CHICAGO (AP) — Christopher Galvin resigned Friday as chairman and chief executive of struggling Motorola Inc., ending an often-rocky six years at the helm of the telecommunications giant his grandfather founded 75 years ago.
Galvin, 53, cited differences with the board over the progress of the stalled turnaround at the world's No. 2 cell-phone manufacturer, which also is a top semiconductor maker. He has agreed to stay on until a successor is named, the company said.
The unexpected late-afternoon announcement sent Motorola's stock 5 percent higher in after-hours trading following a regular session in which it closed down 4 cents at $11.09 a share on the New York Stock Exchange. The stock reached a peak of more than $60 a share in 2000.
Motorola, which sold more than half the world's cell phones in the early '90s, has fallen far behind Finland's Nokia and has been struggling to regain its past dominance. A huge restructuring and cost-slashing effort returned it to profitability in 2002 after two years of losses. But a slowed economy and sluggish industrywide demand have stymied its recovery.
The company has eliminated nearly 60,000 jobs since August 2000 and is seeking to shrink costs further by year's end through attrition and outsourcing.

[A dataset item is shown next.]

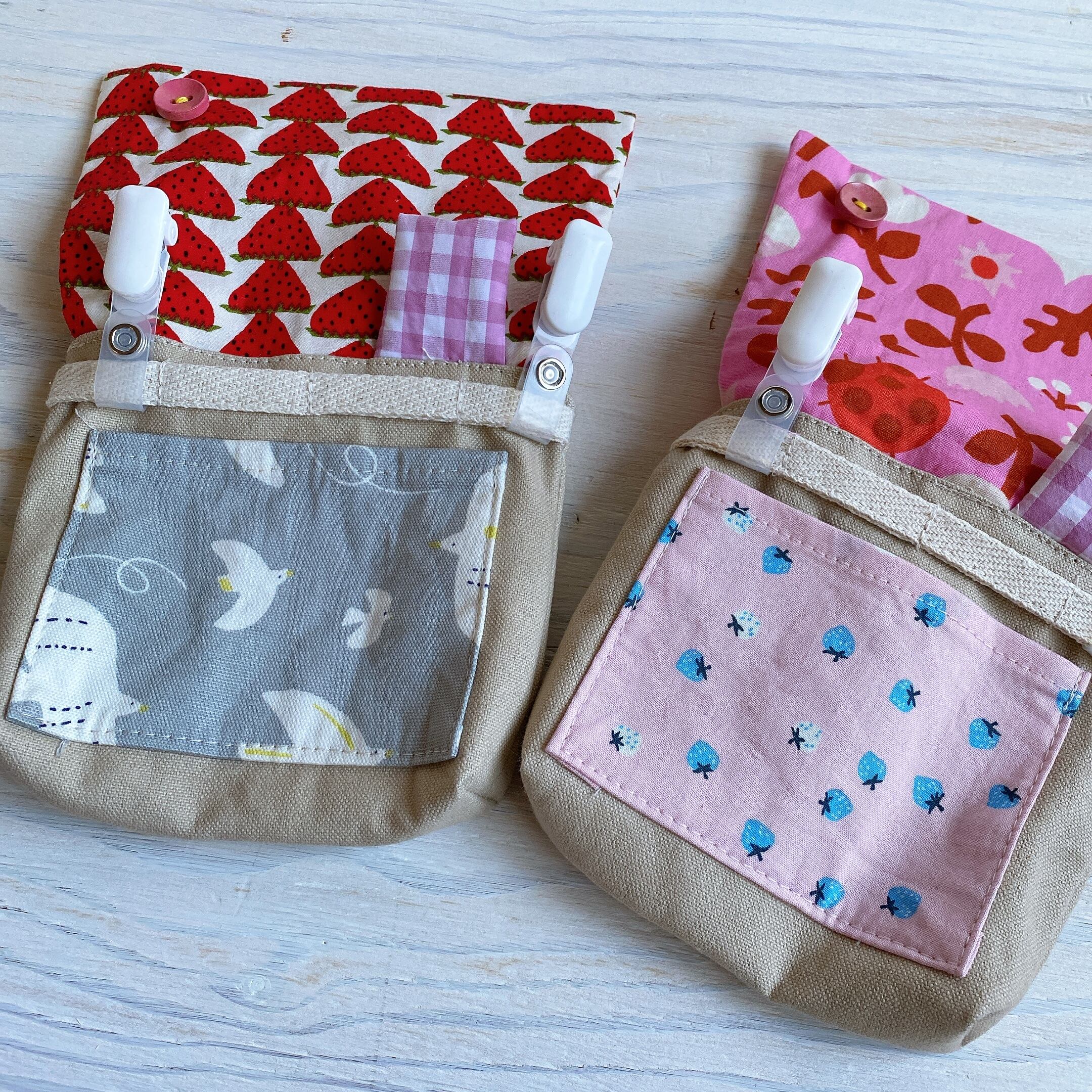 裏にはちいさいポケットを付けて絆創膏なども持ち歩けるようにしました。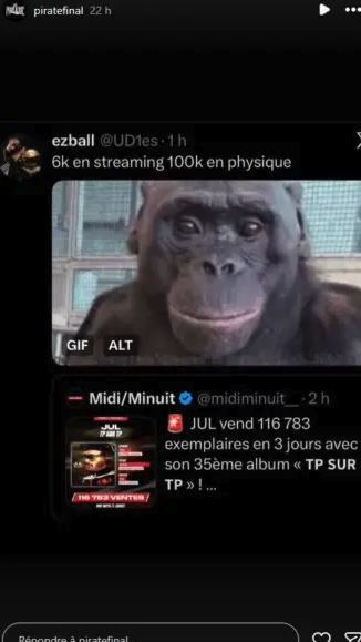 Le rappeur a également publié une autre vidéo sur son compte X, allant dans le même sens, accusant Jul de truquer ses chiffres et de jouer sur une “faille” du système de comptabilisation des ventes.

Although analysts and investors have called in the past for Galvin's resignation, the company characterized Galvin's departure as a retirement and said the decision was his alone and was not precipitated by any particular development. Spokeswoman Jennifer Weyrauch said Galvin informed directors in a 7:30 a.m. EDT conference call Friday, two days after a regular board meeting.
He has held the two top posts since 1997 and has been with Motorola for 36 years.